After spending every single working hour with each other in the first five weeks (I’m not complaining; after all, we managed to create a “pictionary” session out of publication titles- that’s the epitome of team bonding and productivity), the self-imposed isolation of the recent two weeks meant only catching a glimpse of each other’s dazed faces at team meetings, or during the sporadic half-hour of project planning. Otherwise, with the range of our project topics and reliance on different tools, it is a fairly solitary undertaking. Also, the materials that we are working with demand that we physically be in certain places, whether that be in the Archives Reading Room or the Higgins Room.

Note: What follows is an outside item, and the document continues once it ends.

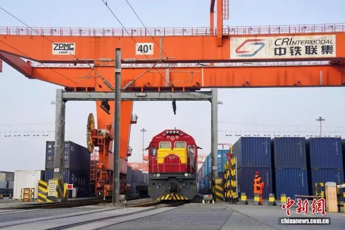 2月13日,一列满载55柜四川长虹家电的“熊猫号”中欧班列,从成都国际铁路港鸣笛启程,带着“四川造”的匠心与新春祝福,经霍尔果斯口岸出境后奔赴欧洲地区。

Despite this physical constraint, we keep morale up by sharing the occasional high-fives and smiles when we see each other in passing. On days when we happen to do research together in one room, the quiet is often punctuated by excited bursts of commentary on all sorts of interesting finds, even if not necessarily relevant to the project at hand. I find that this adventurous spirit – refusing for our topics to become blinders, even at this stage where the days until the final presentation are indifferently ticking away – stimulating and encouraging. For me, it is comforting to hear how others’ projects are going, the headway they made, the unexpected obstacles and the lingering confusion. Although I cannot contribute in terms of resolving their problems, it is a vicarious and almost cathartic.
It will be a relief to reconvene later in the week in order to figure out the information architecture for our website and put together the final product. The hair-wringing process of research would transform from abstract to concrete, ready for presentation (or so we hope).
As for my own project, it’s been dizzying. But at least there’s movement, right? If this intrigues, check back in a week and see what kind of creature hatches.